# 求定积分


(define (cube  x) (* x  x x))
;;;累加
(define (sum-integer a b)
(if (> a b)
0
(+ a (sum-integer (+ a 1) b))))

(sum-integer 1 10)
;;;立方累加
(define (sum-cube a b)
(if (> a b)
0
(+ (cube a) (sum-cube (+ a 1)  b))))
(sum-cube 1 3)
;;; 求Pi 值 分数累加
(define (sum-pi a b)
(if (> a b)
0
(+ (/ 1.0 (* a (+ a 2))) (sum-pi (+ a 4) b))))
(sum-pi 1 9)



;; (define (<name> a b)
;;  (if (> a b)
;;  0
;;  (+ (<term> a) (<name> (<next>a) b))))



## 于是我们可以得到


(define (sum term a next b)
(if (>  a b)
0
(+ (term a) (sum term (next a)  next b))))
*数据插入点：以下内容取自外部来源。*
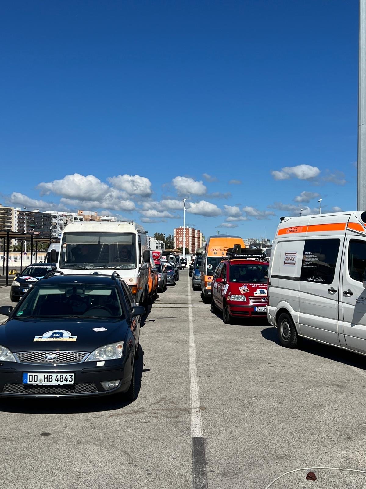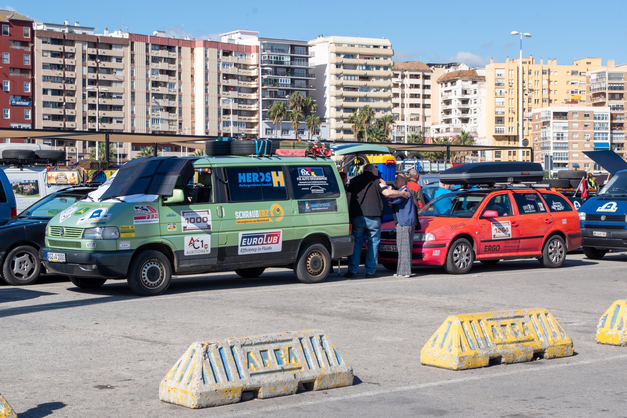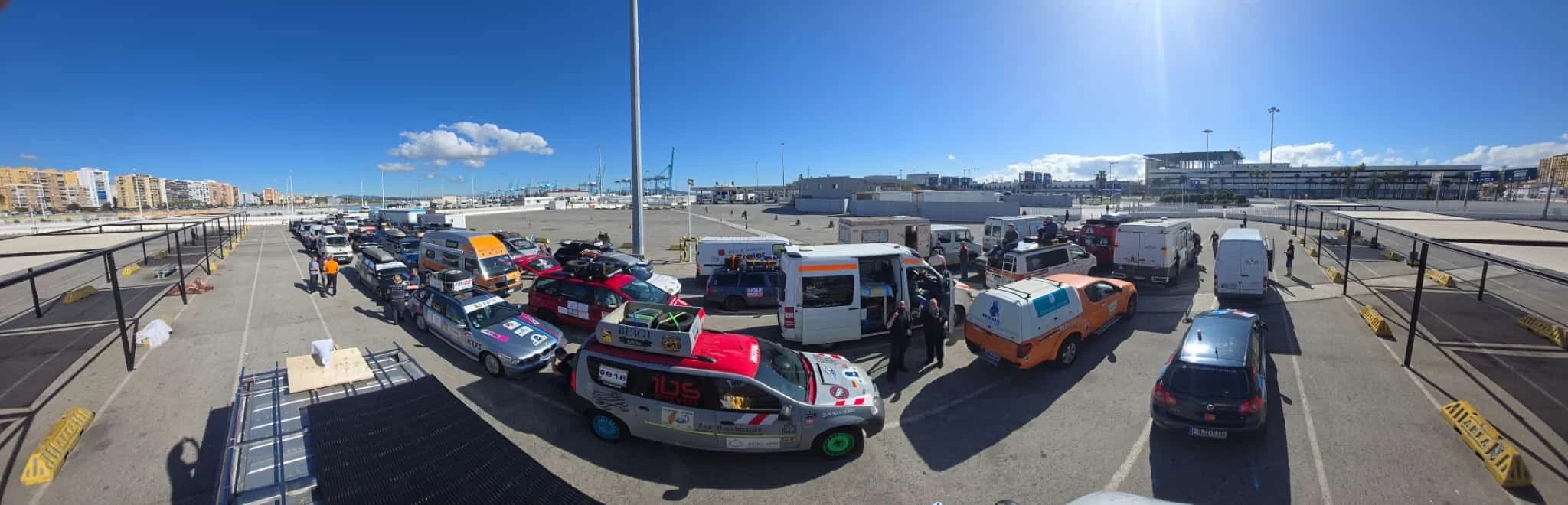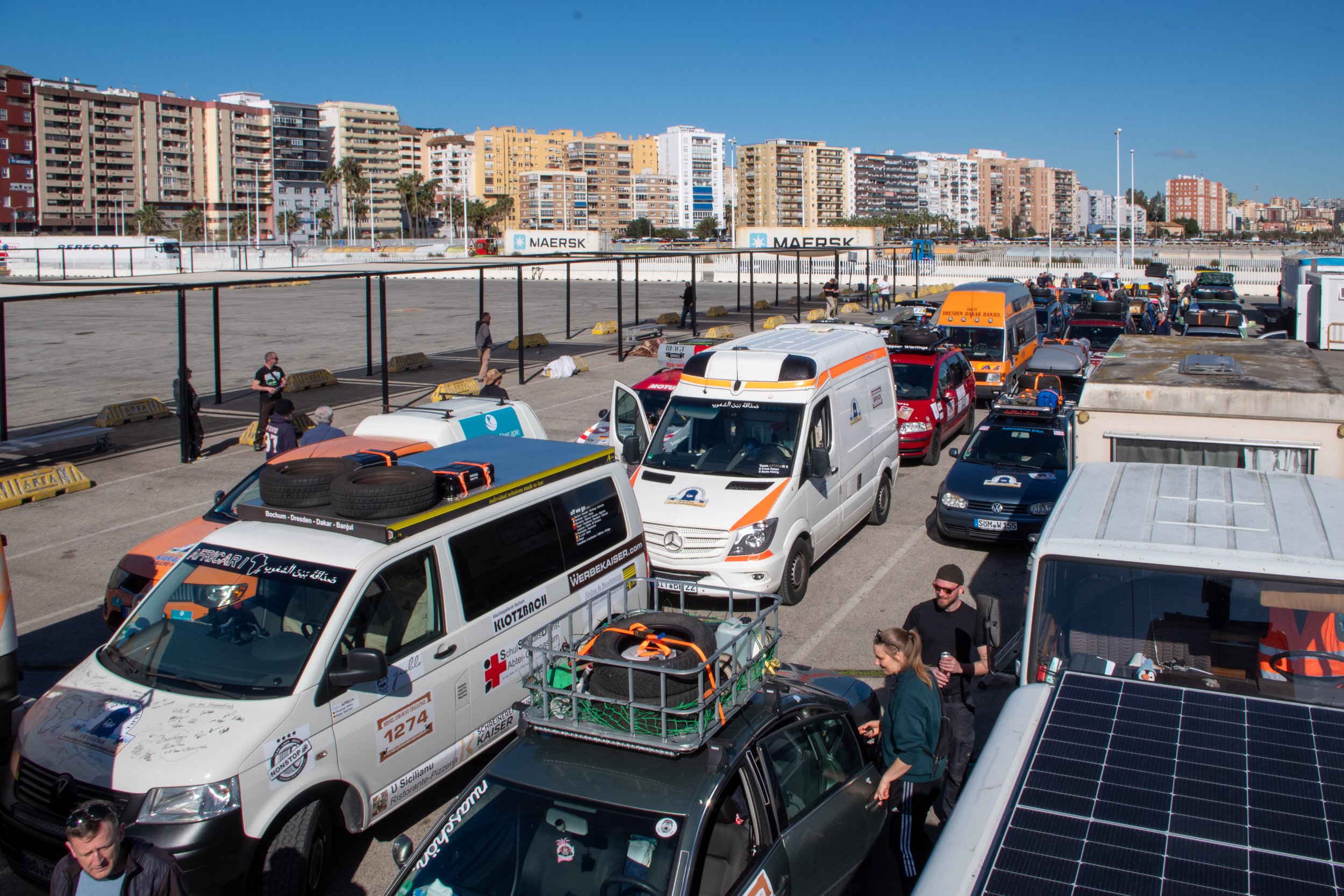Nach einer kalten Nacht auf dem Campingplatz in San Roque – für manche Teams war es die erste Nacht ohne den Komfort eines Hotelzimmers – mussten nur noch wenige Kilometer bis zum Hafen von Algeciras zurückgelegt werden.

## And Apply the sum to get the sum-integer2 sum-cube2 sum-pi2

(define (sum-integer2 a b) (sum (lambda (x) x) ((lambda (x) (+ x 1)) a) (lambda (x) (+ x 1)) b)) ;;;-->There is some problems

;> (sum-integer2 1 10)
;54  ------------------------>Why
;> (sum-integer 1 10)
;55

(define (identity x) x)
(define (inc x) (+ x 1))
(define (sum-integer3 a b) (sum identity a inc b))
(sum-integer3 1 3)
(define (sum-cube2 a b) (sum cube a inc b))
(sum-cube2 1 3)
(define (sum-pi2 a b)
(define (pi-term x)
(/ 1.0 (* x (+ x 2))))
(define (pi-next x)
(+ x 4))
(sum pi-term a pi-next b))
(sum-pi2 1 9)
(* 8 (sum-pi2 1 1000))


;;;; So now we can do the integrate computing

;;Because integrate will have the same function but different next function
;;;a-b 之间关于f函数的定积分的求法
(define (integral f a b dx)
(define (add-dx x) (+ x dx))
(define (update-a a dx) (+ a (/ dx 2.0)))
(* (sum f (update-a a dx) add-dx b) dx))
(integral cube 0 1 0.01)
(integral cube 0 1 0.001)
(integral cube 0 1 0.0001)
(/ 1 4.0)
(/ (* 1 (cube 1)) 4.0)

;result:
;0.24998750000000042
;0.249999875000001
;0.24999999874993412
;0.25
;0.25



1. h = (b-a)/n
2. yk= f(a+kh) —> next
3. (even? k) (odd? k)
4. y0 =a yn= b

a. 设计的过程遇到的问题是 参数的问题 需要设置k？ b. 中间过程的问题，如何划分三种情况 b.1 k为0和n的情况 b.2 k为奇数的情况 b.3 k为偶数的情况

;;; 下面是一个较为混乱的设计，且没有考虑使用sum

(define (simpson-integral f a b n)
(let ((h (/ (- b a) n))
(k 0))
(define inc (+ a (* k h)))
(define inc2 (* 2 f(inc)))
(define inc4 (* 4 f(inc)))
(cond
((= k 0) (f a))
((= k n) (f b))
((even? k) (+ (* 2 f((+ a (* k h))))
)))



(define (round-to-next-even x)
(+ x (remainder x 2))
)



(define (simpson-integral f a b n)
(define (round-to-next-even x)  (+ x (remainder x 2)))
(define fixed-n (round-to-next-even n))
(define h (/ (- b a) fixed-n))
(define (simpson-term k)
(define y (f (+ a (* k h))))
(cond
((or (= k 0) (= k fixed-n))
(* 1 y))
((even? k) (* 2 y))
(else (* 4 y))))
(* (/ h 3) (sum simpson-term 0 inc fixed-n))
))

;(simpson-integral cube 0 1 10)
;1/4


a1:breaking the problem into four parts: (f y0), (f yn) and two sums,one over even k and another over odd k

(define (another-simpson-integral f a b n)
(define h (/ (- b a) n))
(define (add-2h x) (+ x (* 2 h)))
(* (/ h 3.0) (+ (f a)
(* 4.0 (sum f (+ a h) add-2h (- b h)))
(* 2.0 (sum f (add-2h a) add-2h (- b h)))
(f (+ a (* h n))))))


a2:Here’s a version that sums over pairs of terms (2 y_k + 4 y_k+1). No conditionals or special cases are needed anywhere, but there’s an extra term [f(b) - f(a)] to be added to the final count.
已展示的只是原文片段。